Hamlet berates himself for lacking courage,

Yet I,(560)
A dull and muddy-mettled rascal, peak
Like John-a-dreams, unpregnant of my cause

And, he wonders if he is a coward since he cannot work up enough passion,

And can say nothing; no, not for a king

....Am I a coward? (2.2.537-538)

As he does repeatedly, Hamlet urges himself to take action--"About my brain"; he berates himself,

O, vengeance!
Why, what an ass am I! This is most brave,
That I, the son of a dear father murder'd,
Prompted to my revenge by heaven and hell,
Must, like a whore, unpack my heart with words
And fall a-cursing like a very drab,
A scullion! Fie upon't! Foh!
About, my brain! (577-583)

Hamlet accuses himself of inaction and scolds himself.  He then decides to use the players in a play that will reveal Claudius's actions and cause the king to reveal his guilt when he sees his murderous action played upon the stage.
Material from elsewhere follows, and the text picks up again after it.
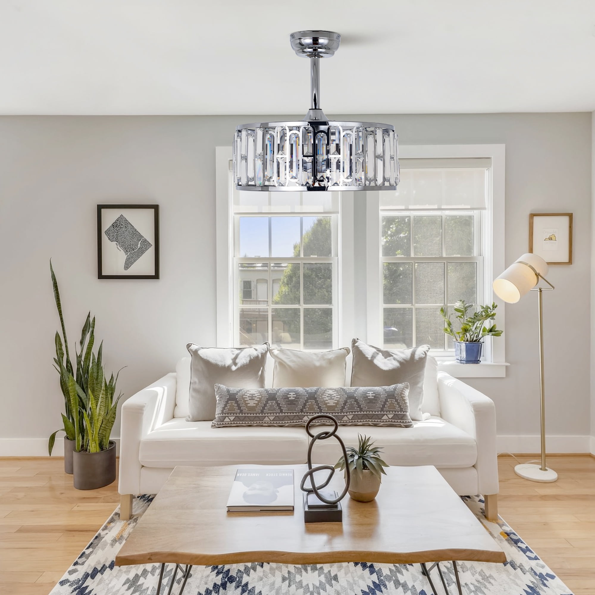 FINE MAKER 18 quot Round Chrome Industrial Caged Chandelier Fan 3 Speed 4

This soliloquy is one that reveals the inner torment of Hamlet.  In self-conflict, Hamlet derides himself for his hesitation, then another part of his nature continues to reason through his feelings and be cautious about action.  Nevertheless, it is always the soliloquys of Hamlet which move the plot, and this third soliloquy advances the plot as Hamlet devises a way to test Claudius.